Karena itu, kata Harli, perlu pengkajian berdasarkan bantuan ahli, salah satunya adalah soal RON 90 dan 88 yang diimpor, dan disebut dicatatkan sebagai RON 92. Apakah memang langsung didistribusikan atau tidak, hal ini perlu penelitian ahli lebih lanjut.
"Misal, kalau yang datang 90 itu kan Pertalite, nah apakah Pertalite ini langsung diimport, langsung didistribusi. Karena misal 88 itu kan premium, langsung didistribusi, tentu ini harus dilakukan pengkajian, penelitian," kata Hari.
3. Oplos BBM terjadi pada 2018-2023

Harli kembali menjelaskan, dalam pengadaan produk RON 92 kilang oleh PT Pertamina Patra Niaga dengan pembelian Ron 90 atau lebih rendah, itu terjadi di 2018-2023.
"Terjadi di 2018-2023 jadi supaya tidak disalahartikan, karena penegakkan hukum ini rekan-rekan media mendukung, masyarakat mendukung supaya apa? Supaya tuntas, tapi juga jangan sampai menimbulkan keresahan di masyarakat, karena peristiwanya ini sudah selesai," katanya.
Dalam kasus ini, secara sederhana PT Pertamina Patra Niaga diduga membeli BBM RON 90 atau di bawahnya yang merupakan jenis Pertalite, untuk kemudian dicampurkan atau "blending" menjadi jenis RON 92 atau Pertamax.

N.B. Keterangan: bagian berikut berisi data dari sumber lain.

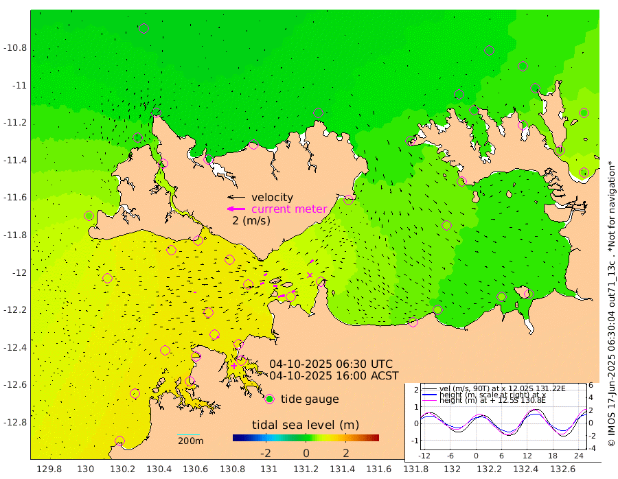 74cm/s 77T +4cm/s rms + 6cm/s 51T. Darwin_C1 52m 42cm/s 88T +4cm/s rms + 7cm/s -161T. Darwin_CW1 22m 40cm/s 74T +4cm/s rms + 8cm/s 61T. Darwin_CW2 34m 42cm/s 42T +3cm/s rms + 9cm/s 98T. Darwin_CW3 22m 48cm/s 88T +5cm/s rms + 7cm/s 88T. Darwin_C3 56m 40cm/s 64T +2cm/s rms + 9cm/s -126T. Darwin_CTbW 22m 25cm/s 88T +1cm/s rms + 1cm/s -47T. DARBGF 30m 27cm/s 115T +4cm/s rms + 3cm/s 80T. NRSDAR 19m -10cm Goodrich Bank 101cm Point Jenny 100cm Native Point 100cm Fish Reef 116cm Tapa Bay 45cm Point Fawcett (Offshore) 112cm Burge Point 97cm Munkunuwa 86cm Beagle A 112cm Parsons Bank 116cm Fenton Patches 118cm Hancox Shoal Area 127cm Nightcliff 119cm Darwin 110cm Charles Point Patches 84cm Glyde Point 65cm Chambers Bay 50cm Point Stuart 71cm Cape Hotham 54cm Christine Reef 50cm West Alligator Head 38cm East Field Island 48cm Two Hills Bay 54cm Camp Point 99cm Medina Inlet South 32cm South Barlow Point 18cm St. Asaph Bay -4cm Cape Van Dieman -3cm Snake Bay -3cm Cache Point 8cm Point Jahleel (Off) 31cm Cape Don 14cm Port Essington 18cm Smith Point - West 17cm NW Peacock Island 2cm North Of Jones Shoal 3cm Peacock Island 41cm Point David 23cm D'urville Point 44cm Copeland Island 31cm One Tree Point

Namun dalam proses pembeliannya, harga beli RON 90 ke bawah itu malah dicatatkan dengan harga RON 92.
"Dalam pengadaan produk kilang oleh PT Pertamina Patra Niaga, Tersangka RS melakukan pembelian (pembayaran) untuk Ron 92, padahal sebenarnya hanya membeli Ron 90 atau lebih rendah kemudian dilakukan blending di Storage/Depo untuk menjadi Ron 92, dan hal tersebut tidak diperbolehkan," bunyi keterangan dari Kejagung, dilansir Rabu.
Selain Dirut PT Pertamina Patra Niaga, ada enam tersangka lainnya dalam kasus ini yakni Direktur Feedstock and Product Optimalization PT Kilang Pertamina Internasional Sani Dinar Saifuddin (SDS), Direktur Utama PT Pertamina International Shipping, Yoki Firnandi (YF), dan VP Feedstock Management PT Kilang Pertamina Internasional Agus Purwono (AP). Selain itu, ada Beneficial Owner PT Navigator Khatulistiwa inisial MKAR dan Komisaris PT Navigator Khatulistiwa dan Komisaris PT Jenggala Maritim, inisial DW.